Posted by REJEL on 23rd Jun 2023
The Story of Iron and the Fight against Rust
We talk a lot about rust in these articles; about rust treatments, rust removers and rust converters, but we haven’t said a great deal about its mother lode – the most common element by mass on this planet – iron.
Although iron is all around us, it is too reactive with other naturally occurring chemicals such as oxygen and water, to exist in its elemental form – at least in the earth’s crust. Almost all the iron in the crust is in the form of oxides bound into silicate or carbonate minerals commonly referred to as iron ores. The word itself is Anglo Saxon and probably derived from the Scandinavian for iron – “iarn”.
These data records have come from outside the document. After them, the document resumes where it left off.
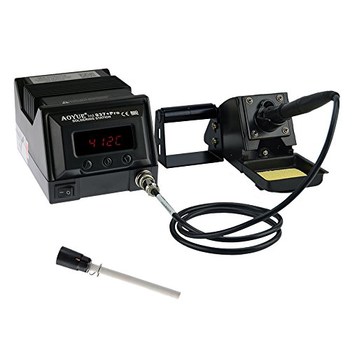 Aoyue 937+ Pro Series 45 Watt Programmable Digital Soldering Station-ESD Safe, C/F Switchable, Configurable Iron Holder, Spare Plug-in Heating Element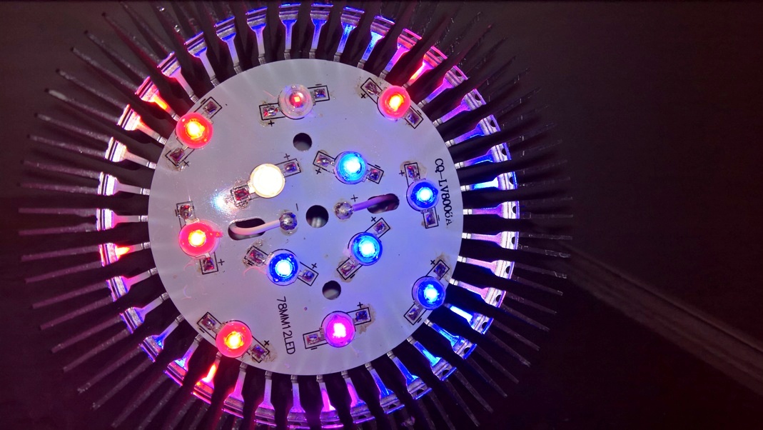 Je ziet twee soorten rood, blauw, ultraviolet, infrarood en wit. De afgebeelde lamp geeft veel geschikt licht en gebruikt toch maar 8 watt. Normaal zit er een kunststof lens op, maar die heb ik verwijderd voor meer rendement.
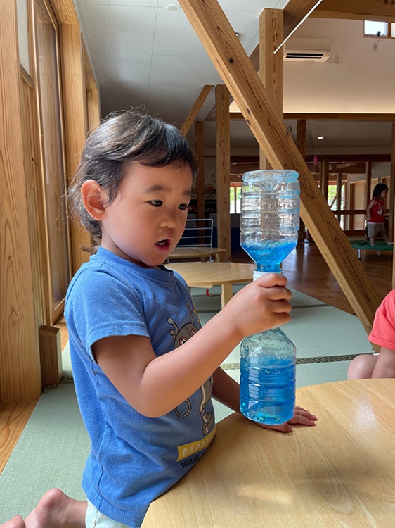 真剣な表情で力を入れてボトルの色水を押し上げたり、「やっぱりこうだ」と言ってひっくり返したりしました。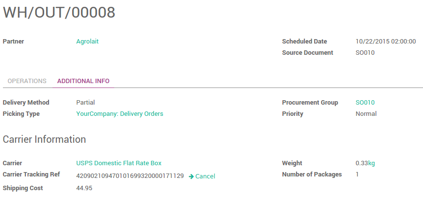 Para facturar el precio del cargo de entrega en la órden de venta, de clic en Precio configurado, esto agregará una línea con el nombre del método de entrega como un producto. Puede variar del precio real.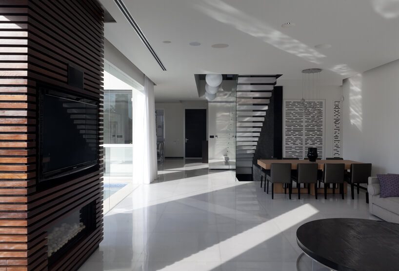Architects Hila and Danny Israelevitz masterminded a home in Savyon, Israel, that gradually reveals its features. Initially, they sketched a modern, open-plan design that catered to a family’s daily needs and lifestyle. The resulting structure cleverly connects the indoors with the outdoors and varies its atmosphere from one space to another.

So how did our ancestors discover this remarkable metal that was to transform our material world? Some believe that the first iron was produced when wood fires were lit on top of ore-bearing rocks. After a while the heat would have caused the carbon in the wood to react with the oxygen in the ore, leaving behind pure iron.
Smelted iron first occurs about 4,000 years ago but it took another 1000 years before formal iron production began for the manufacture of tools and weapons – starting in Mesopotamia (now Iraq) and then spreading into Europe and Africa during the Iron Age.
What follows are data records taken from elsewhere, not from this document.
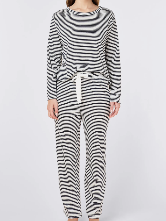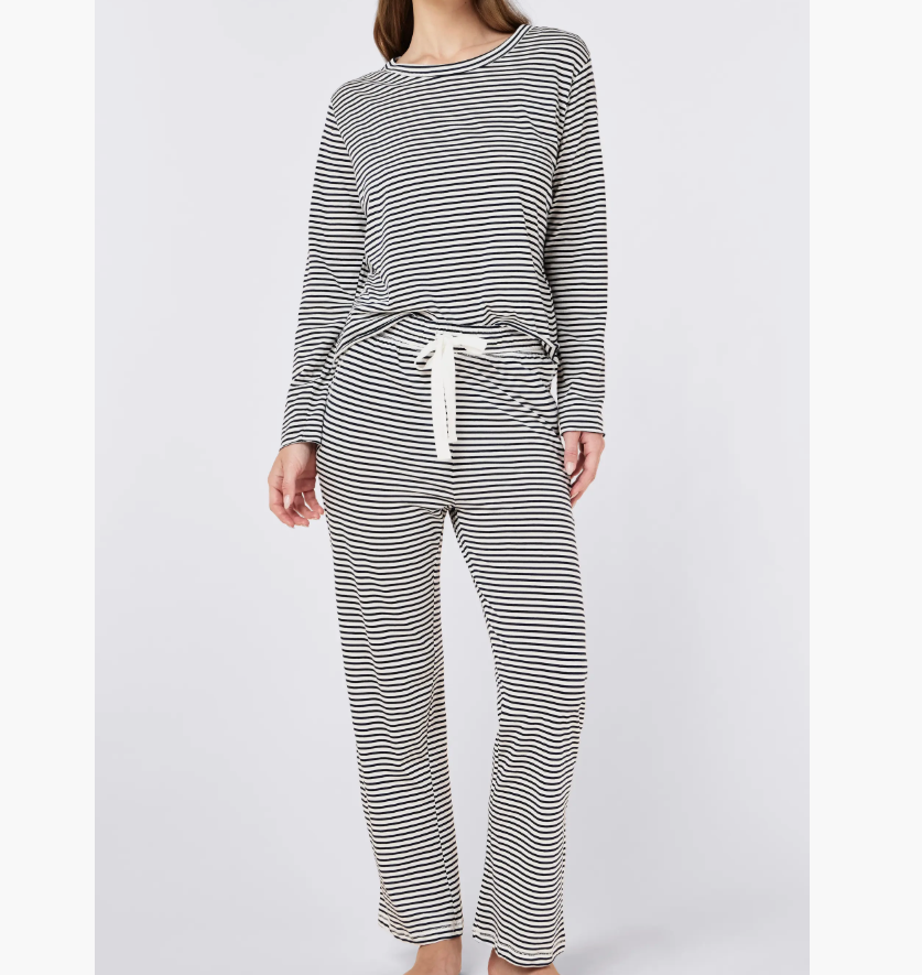 Set Pigiama Donna Due Pezzi Personalizzato, Abbigliamento da Notte Lungo, Completo Loungewear, Set Pigiama a Righe in Cotone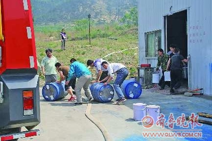 工廠職工正在轉(zhuǎn)移著火點隔壁倉庫里的化學(xué)危險品。 本報記者 孔紅星 攝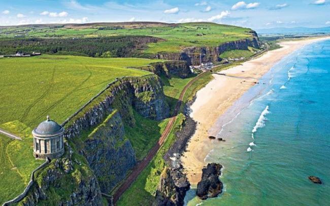 Đền Mussenden: Bãi biển Downhill Strand nhìn lên ngôi đền Mussenden ở Bắc Ireland là địa điểm được nhân vật Stannis Baratheon thường xuyên tới thăm trong phim "Game of Thrones".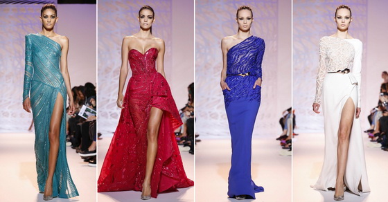 Сензуални силуети, сексапилно разголување со V-деколтеа и високи шлицови, игрива асиметричност претставена преку фустани со еден ракав или на едно рамо, интригантни балски креации со набор на колковите, деликатни блескави детали, пајажинеста и мрежеста текстура, провокативна транспарентност... Зухаир е непогрешлив.

Iron continued to be to be used for tools and for weapons right through to the Industrial Revolution where it became the fundamental material for the construction of machinery, bridges, ships and buildings. But it was the discovery of steel and efficient methods for its production that really accelerated the use of iron.
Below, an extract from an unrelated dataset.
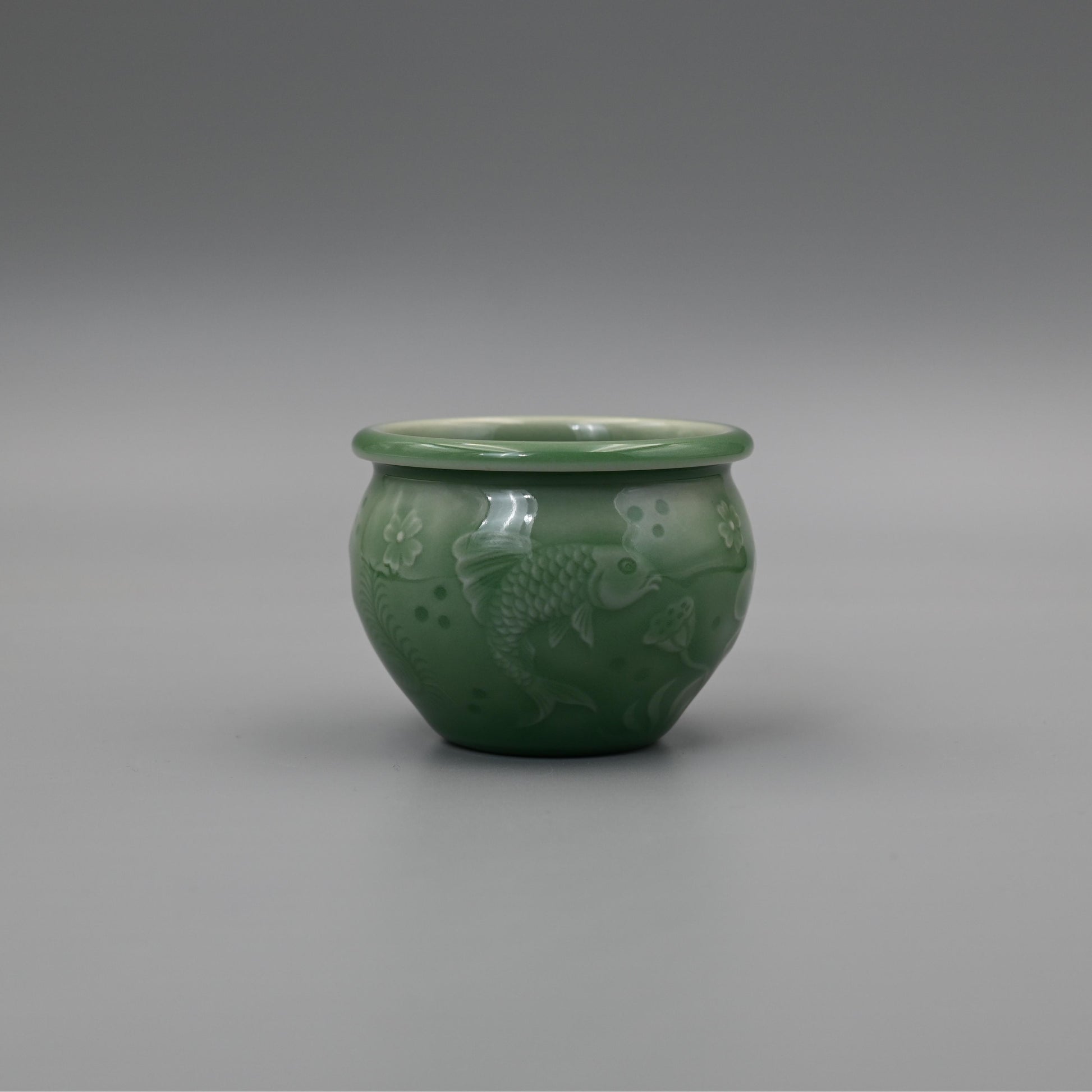 Longquan Celadon Plum Green Hand-Carved Fish and Algae Pattern Host Tea Cup

Steel is a combination of iron, carbon and other alloys – the composition determining the characteristics of the finished product. Basic steel, containing about 1% carbon, is the most common form, used for car bodies and ships hulls, in construction and in machinery. Alloys such as nickel and tungsten are added to provide strength in different applications – nickel where tensile strength is needed and tungsten where strength at high temperatures is important.
But in spite of its strength and versatility, iron had one fatal flaw, rust – its impact no better illustrated than in the US where the area once known as the industrial heartland of the USA was renamed the Rust Belt as the car and steel industries collapsed in the 1980s.
The Roman author and philosopher, Pliny the Elder, said of iron: “Nature, in conformity with her usual benevolence, has limited the power of iron, by inflicting upon it the punishment of rust; and has thus displayed her usual foresight in rendering nothing in existence more perishable, than the substance which brings the greatest dangers upon perishable mortality.”
Pliny didn’t count on man’s ingenuity and determination to find a cure. It was the discovery of an iron alloyed with chromium, nickel and other metals, which would finally, though at a price, put paid to iron’s old enemy. Stainless steel was born in the early days of the 20th century.
It would have surprised him too, no doubt, that by wiping his sword with a magic potion called rust remover, the scourge could be eliminated from his shiny blade or, using another magical ointment, called rust converter, his rusty old shield could be restored and protected for years to come.